Финальный «хвостик» знаменательного вечера, описанного в «Фаталисте», когда судьба то ли демонстрирует свою силу, то ли отступает перед силой человека, расчетливо спрятан в середину рассказа. Печорин обронил: «(…) не знаю ли я наверное, верю ли я теперь предопределению или нет, но в этот вечер я ему твердо верил: доказательство было разительно, и я, несмотря на то, что посмеялся над нашими предками и их услужливой астрологией, попал невольно в их колею».
«Теперь», после того, как произошли все известные события романа, неизвестно, верит ли он «поверью». Нам же важно, что Печорин выстраивает свои отношения с миром в расчете на свои силы и возможности. Его «быть» – значит «ополчаться» и «противоборствовать». В центре романа оказался человек, бросающий вызов судьбе. Неслучайно тот же Максим Максимыч напророчил: «А, право, жаль, что он (Печорин – А.А.) дурно кончит… да и нельзя иначе!.. Уж я всегда говорил, что нет проку в том, кто старых друзей забывает!.». Но это уже фатализм, основанный на здравом смысле и жизненном опыте. Здесь нет мистики. Максим Максимыч, как известно, «вообще не любит метафизических прений».
Вот теперь можно вернуться к сердцевине романа и попытаться понять мотивы странных поступков странного человека.
Но прежде буквально несколько последних штрихов. Перед нами модель поразительно глубокая, если учесть, кем и когда она была сотворена. Однако с позиций сегодняшнего дня модель эта отражает, увы, пройденный (хотя и вечно живой) этап. Потому что ум и рассудок преодолевают и этот тупик, который выведен в романе. Лермонтов был в возрасте человечества, и поколение, которое он имел несчастье представлять, здесь не при чем, по высшему счету. Возраст человечества и был запечатлен.

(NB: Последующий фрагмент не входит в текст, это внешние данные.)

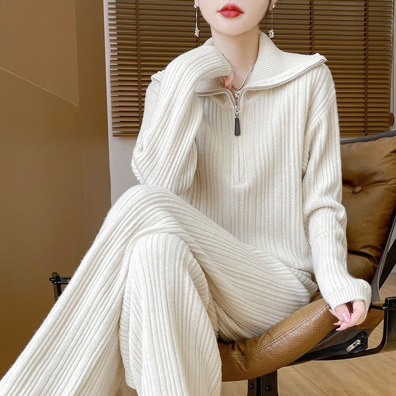 두꺼운 캐주얼 정장 봄, 가을, 겨울 게으른 새로운 패션 니트 스웨터 여성 가을, 겨울 탑 와이드 레그 팬츠 투피스 세트스토어 가기
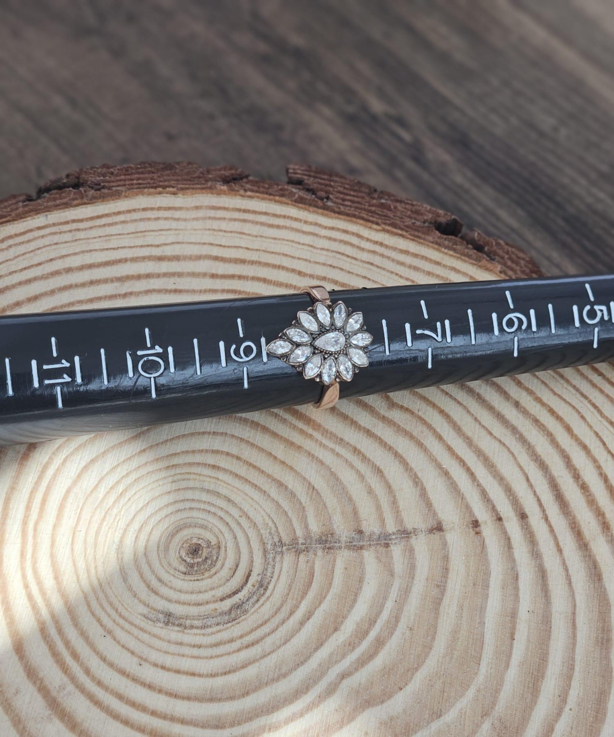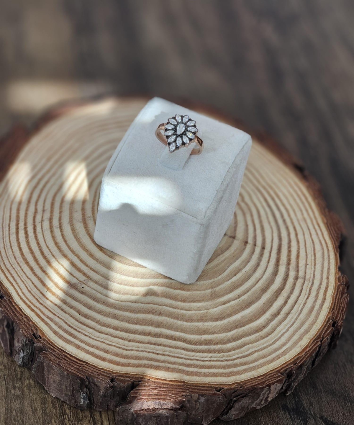 Rose color silver round ring assembled with zircon stones and rose color silver round pendant with white zircon makes it a perfect set of 2.
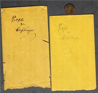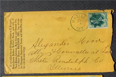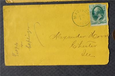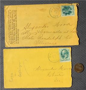 Check it out...Here's a ONE-OF-A-KIND set of 2 (TWO!) 1880s Era postal cancels / envelops from Madison Indiana to Chester Illinois. One is dated Sept. 6 from Madison with the handwritten address of lawyer: "Alexander Hood Atty + Councillor (Sic) at Law Chester Randolph Co. Illinois" with a George Washington green 3 cent stamp intact and a legal disclaimer at the side and the other is postmarked  Aug. 10 from Madison and both are ID'd as "People V. Caplinger"-How cool is that? Could be a real sleeper fun to research-Great vintage historic set. How many of these survived? These are ORIGINAL items...Not reproduction items! Postage information is listed at the bottom-$ 5.95 postage is required.

Сегодня – уже другой возраст. И акцент мы старательно делаем не на том, что заводит в тупик, а на том, как оттуда выбраться. Не диво попасть в лишние, диво попасть – и не пропасть. Печорин смотрел назад, во времена простодушных «предков»: героические идеалы – вот его точка отсчета и, следовательно, стыд, позор и крест. «Печально я гляжу на наше поколенье», и «да, были люди в наше время». В принципе правильно, но не так пышно, господа. Кто вкусил трагедию, тому навсегда смешны герои, дорога назад заказана. Если уж смотреть вперед, то гармония личности видится не в том, чтобы самоотверженностью подавить рефлексию (перестать быть смешным в одном отношении и сделаться посмешищем в другом), а на иной основе: героические идеалы надо поставить на службу личности, а не наоборот. Sic! К этому приходят через духовную революцию или, как сейчас принято говорить, через переоценку ценностей. Печорин был в шаге от нового видения, но так и не сделал этот спасительный шаг. Онегин упал к ногам Татьяны – и обнаружил перспективу. Хладнокровный и трезвомыслящий Печорин также попал в эпицентр бури душевной (см. патетическую погоню за Верою), но не узрел в этом особого смысла, кроме разве что редкого проявления слабости душевной. То был рецидив прошлого, а не планка будущего.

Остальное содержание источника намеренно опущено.